▶ Work required: Set down exactly the lines that run from the one containing "項目名稱:青山印12棟501室新風安裝施工日期:2025.06.03" to the end of the material below, both included, without pictures.

•••

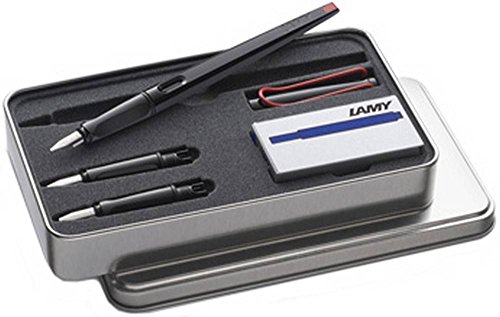 -. Binding : Office Product -. Brand : Lamy -. ClothingSize : One-Size -. Color : Black -. Department : mens -. EAN : 5056036650622 -. Feature : A wonderful calligraphy set for any enthusiastic writer. / Features a LAMY Joy fountain pen with 3 interchangable nibs units and a pack of LAMY T 10 blue ink cartridges. / Plastic; Steel Nib. / Compatible with LAMY T 10 ink cartridges. / Arrives in a stylish metal presentation case. -. Model : 1315427 -. MPN : 1315427 -. PartNumber : 1315427 -. ProductGroup : Office Product -. ProductTypeName : WRITING_INSTRUMENT -. Size : One-Size -. Title : Shiny Black/Red Joy 3 Nib Blue Ink Fountain Pen Set by Lamy
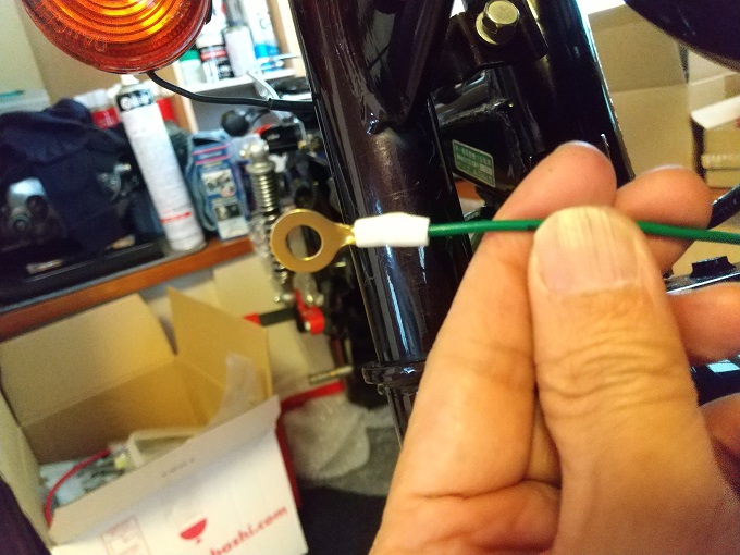 長めにとっておいたアース線の長さ調整、端子加工をして
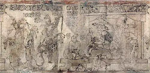 Abajo y sentado al lado del trono, un conejo antropomórfico (animal más frecuentemente asociado con el dios L) está escribiendo en un libro con cubiertas de piel de jaguar, tal vez para registrar la escena frente al trono: Dos hombres de pie con elaboradas máscaras y empuñando hachas proceden a decapitar a un hombre sentado maniatado cuyo atributo de serpiente sinuosa, acosada por ojos de muerte, es propio de los escribas, o en todo caso, de los funcionarios para quienes el arte de escribir era esencial. [3] Uno de los dos hombres muestra los rasgos del dios del viento; el otro lleva una máscara de verdugo con una nariz de garra de jaguar.
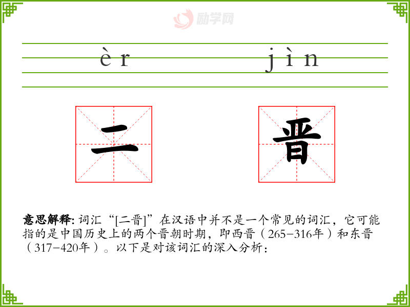 词汇“[二晋]”在汉语中并不是一个常见的词汇,它可能指的是*历史上的两个晋朝时期,即西晋(25-31*年)和东晋(317-420年)。以下是对该词汇的深入分析:
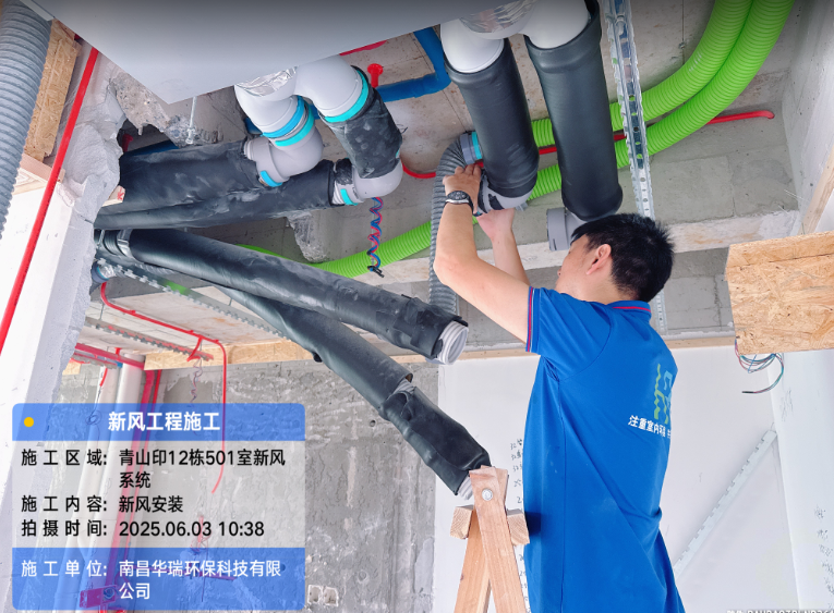 項目名稱:青山印12棟501室新風安裝施工日期:2025.06.03
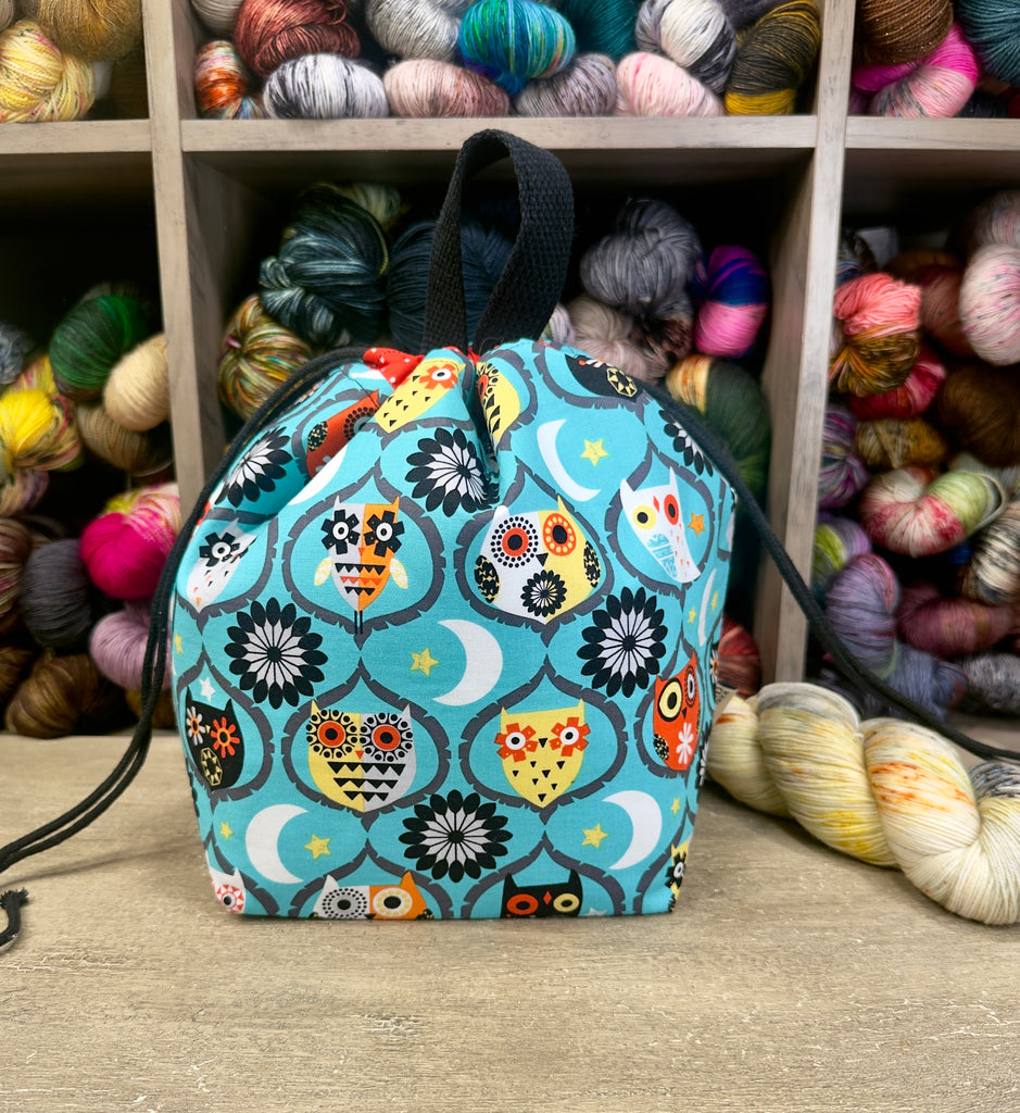 This bag is made from high-quality fabric to suit all your large project needs. This bag is roomy with a boxed bottom and will be great for any project and accessories that you may have. This bag will hold multiple balls of yarn and your project too! The bag closes with a drawstring to secure your projects.

•••

▶ Answer section:
 項目名稱:青山印12棟501室新風安裝施工日期:2025.06.03
 This bag is made from high-quality fabric to suit all your large project needs. This bag is roomy with a boxed bottom and will be great for any project and accessories that you may have. This bag will hold multiple balls of yarn and your project too! The bag closes with a drawstring to secure your projects.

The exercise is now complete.